In 2013, the United States Census Bureau folded the CSA into the redefined London micropolitan area, and Knox County was added to the statistical area. This incidentally ended a statistical anomaly that excluded the 20% of the population of Corbin living in Knox County from the statistical area.

As of 2019, the London micropolitan area had a population of 128,215.

The total population of the London, KY μSA changed from 126,565 in 2010 to 128,215 in 2018, a change of 1,650 (1.3%). Among all metros nationwide, London, KY μSA ranked 386th in 2018, based on total population. It ranked 319th based population change from 2010 to 2018 and ranked 456th based population percent change from 2010 to 2018.

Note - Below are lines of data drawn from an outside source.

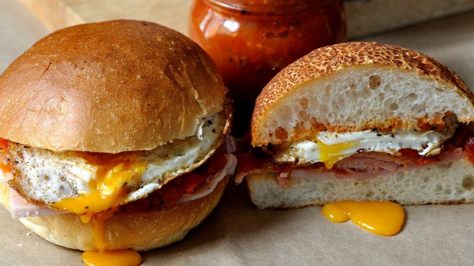 - Cut the bread rolls in half and spread on some of the relish. Stack on the sliced Christmas ham and then carefully place the fried egg on top. Season with some salt and pepper.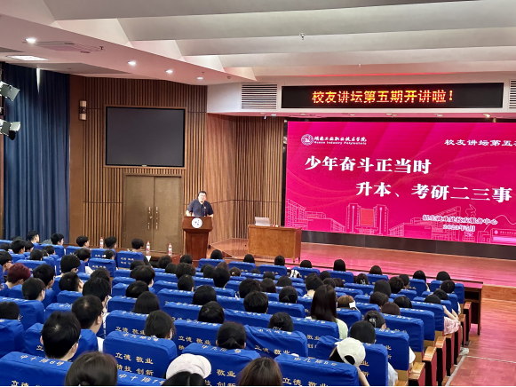 本网讯 5月30日,招生就业处举办了一场校友讲坛活动,活动以“少年奋斗正当时,升本考研二三事”为主题,邀请了三名今年考上硕士研究生的校友现身说法,讲述他们的奋斗故事,帮助在校生更好地规划未来。招生就业处老师及300余名学生参与讲坛活动。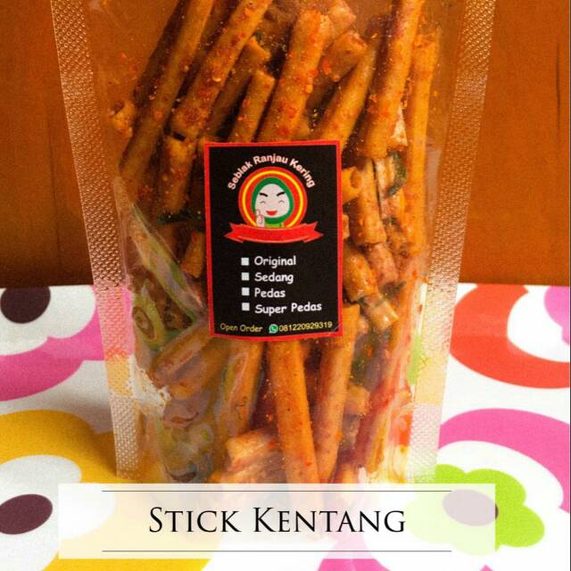 Stik kentang dengan bumbu rempah dan tingkat kepedasan sedang, cocok untuk teman ngemil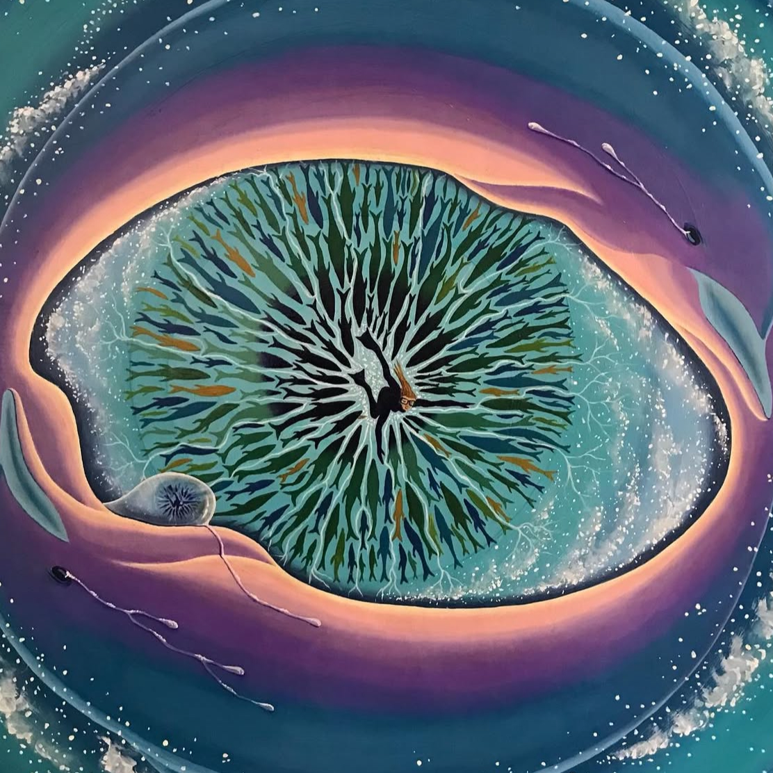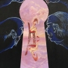 The painting "Mirage" takes us into a mysterious space of dreams and fantasies. Through the keyhole, a scene opens up before the viewer: a woman on a chair frozen in an elegant pose, and around her is a reflection in a pink haze of clouds, as if the whole world is dissolved in an illusion. On both sides of the keyhole we see mysterious silhouettes - like old men or observers whose faces peer intently inside. Delicate pink and purple shades smoothly flow into each other, creating a feeling of airiness and unreality. The painting is filled with symbols: the keyhole is a window into someone else's secret, the subconscious or into a dream world where everything is possible. The image of a woman is the personification of an elusive dream that cannot be held, everything that can only be sneakily glimpsed. The boundaries between the real and the imaginary are almost erased - the viewer, like the characters on both sides of the keyhole, becomes a participant in this game with reality. The artist creates a special atmosphere of mystery, inviting us to fantasize: where is the line between our thoughts and reality, what is reality and what is its mirage? This work leaves a subtle aftertaste and many questions that you will have to find answers to on your own.

With the release of the 2023 Statistical Area definitions, the London micropolitan area was renamed Corbin micropolitan area and Clay County was added to the μSA.

==Counties==
- Clay
- Knox
- Laurel
- Whitley

==Communities==

===Incorporated places===
- Barbourville (Knox)
- Corbin (Whitley, Laurel, and Knox)
- London (Laurel)

- Williamsburg (Whitley)

===Census-designated places===
Note: All census-designated places are unincorporated.

====Knox County====
- Artemus
- Flat Lick
- North Corbin (part)

====Laurel County====

- London
- East Bernstadt
- North Corbin (part)

====Whitley County====
- Emlyn
- Pleasant View
- Rockholds

===Unincorporated places===
====Knox County====
- Bimble
- Bryants Store
- Cannon
- Crane Nest
- Dewitt
- Girdler
- Green Road
- Heidrick
- Himyar
- Hinkle
- Kayjay
- Mills
- Powers Coal Camp
- Salt Gum
- Scalf
- The Forks of Stinking
- Trosper
- Walker
- Warren
- Watch
- Woollum

====Laurel County====
- Atlanta
- Bernstadt
- Boreing
- Buch
- Bush
- Cruise
- Keavy
- Lake
- Lily
- Pittsburg
- Sublimity City
- Symbol

====Whitley County====
- Carpenter
- Dixie
- Gatliff
- Goldbug
- Julip
- Lot
- Louden Coal Camp
- Lucky
- Mountain Ash
- Nevisdale
- Rain
- Red Ash Coal Camp
- Redbird
- Saxton
- Scuffletown
- Watts Creek Jellico Coal Company
- Wofford
- Woodbine
- Yaden

==Demographics==
As of the census of 2000, there were 88,580 people, 34,163 households, and 25,414 families residing within the CSA. The racial makeup of the CSA was 97.66% White, 0.6% African American, 0.2% Native American, 0.3% Asian, 0.002% Pacific Islander, 0.2% from other races, and 1.0% from two or more races. Hispanics or Latinos of any race were 1.1% of the population.

The median income for a household in the CSA was $25,254, and the median income for a family was $30,193. Males had a median income of $21,507 versus $15,031 for females. The per capita income for the CSA was $13,603.